The Erosion of Resilience
We must acknowledge the biological cost of this simmer. The human body is designed to spike in response to a threat and then return to a baseline of safety. When you are on call, that baseline is never reached. You are stuck in a ‘low-grade’ fight-or-flight response. Cortisol levels remain elevated, not enough to cause a breakdown today, but enough to erode your resilience over 365 days of ‘just being available.’ It is a slow leak in the tires of your psyche.
Psychic Resilience
65% Remaining
Eroded by constant low-grade stress.
You try to tell yourself it’s fine. ‘I’m just sitting here,’ you say. ‘I’m getting paid to watch Netflix.’ Yes, and you are also paying for that Netflix with the currency of your nervous system’s peace. The trade-off is often invisible until you realize you haven’t had a deep, un-interrupted thought in 45 days. You become reactive. Your temper shortens by 15 percent. Your ability to dream about the future is replaced by the immediate need to survive the next 55 minutes without a crisis.
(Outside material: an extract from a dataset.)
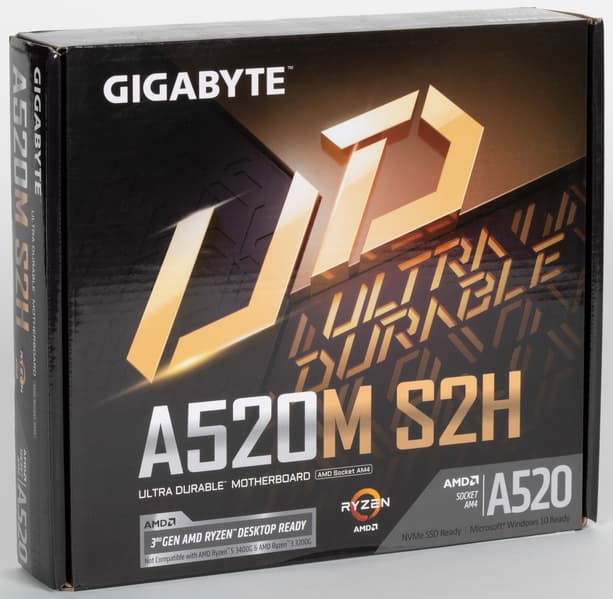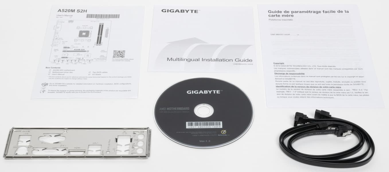 Gigabyte A520M-S2H поставляется в стандартной коробке. Комплект размещен под платой в отдельном отсеке.

Demanding the Counter-Weight
Finding the Real Cold
Max J. eventually finished that cathedral job. He told me the first thing he did wasn’t sleep. He went to a creek about 25 miles outside of town, took off his boots, and stood in the freezing water for 15 minutes. He needed a sensation that was louder than the silence he had been monitoring. He needed a physical reality so demanding that his brain had no choice but to shut down the ‘monitoring’ partition. He had to replace the phantom groans of the stone with the very real bite of the ice-melt.
Cognitive Drain
Total Focus
The Foundation of Stillness
I find myself looking for my own version of that creek. Sometimes it is the act of cooking a meal that requires 45 minutes of constant stirring-something where I cannot hold the phone. Sometimes it is a 15-minute sequence of breathwork that forces the diaphragm to move against the grip of my ribs. These are not ‘hobbies.’ They are maintenance. They are the 5-minute repairs on the 105-year-old masonry of our minds.
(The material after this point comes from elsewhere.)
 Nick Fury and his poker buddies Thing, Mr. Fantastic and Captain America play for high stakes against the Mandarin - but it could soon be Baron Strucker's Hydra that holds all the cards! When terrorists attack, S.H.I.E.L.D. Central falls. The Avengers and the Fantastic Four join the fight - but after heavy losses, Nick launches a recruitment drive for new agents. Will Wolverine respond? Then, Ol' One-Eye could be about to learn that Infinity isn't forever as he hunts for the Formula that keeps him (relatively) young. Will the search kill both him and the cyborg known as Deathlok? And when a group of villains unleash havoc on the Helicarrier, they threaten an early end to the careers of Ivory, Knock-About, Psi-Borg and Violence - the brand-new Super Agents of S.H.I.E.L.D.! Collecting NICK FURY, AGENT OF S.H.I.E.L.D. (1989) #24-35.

“We are told that being reachable is a sign of importance, but we aren’t told that being reachable at all times makes us unreachable to ourselves. The weight of the phone in my pocket feels like 15 pounds sometimes. It is a lead weight that pulls on the fabric of my jeans and the fabric of my focus.
“
I look at my color-coded files and
delete the red category.
It was an illusion anyway. The only true urgency is the 15 seconds it takes to realize you are finally, truly, off the clock.
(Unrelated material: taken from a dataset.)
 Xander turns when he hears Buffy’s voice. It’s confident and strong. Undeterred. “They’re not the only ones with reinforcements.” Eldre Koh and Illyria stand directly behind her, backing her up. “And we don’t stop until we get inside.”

We need to find the courage to turn the phone face down, or better yet, to leave it in the other room for 35 minutes while we remember what it feels like to have a body that isn’t a waiting room. The buildings Max J. works on stay standing because of the mortar, yes, but also because they have a foundation that doesn’t move. If the foundation is always shifting, always vibrating in anticipation of the next storm, the whole structure eventually turns to dust. We are no different. We require the stillness of the stone if we want to survive the 75-year lifespan we are hopefully allotted.
Is the call coming? Maybe. But for the next 15 minutes, the only thing that is allowed to be ‘on’ is the sound of the wind or the taste of the cold water. We have to learn how to give ourselves the ‘all clear’ when no one else will. It is the only way to stop being a ghost in our own lives, haunting the hallways of a ‘maybe’ that drains our very real ‘now.’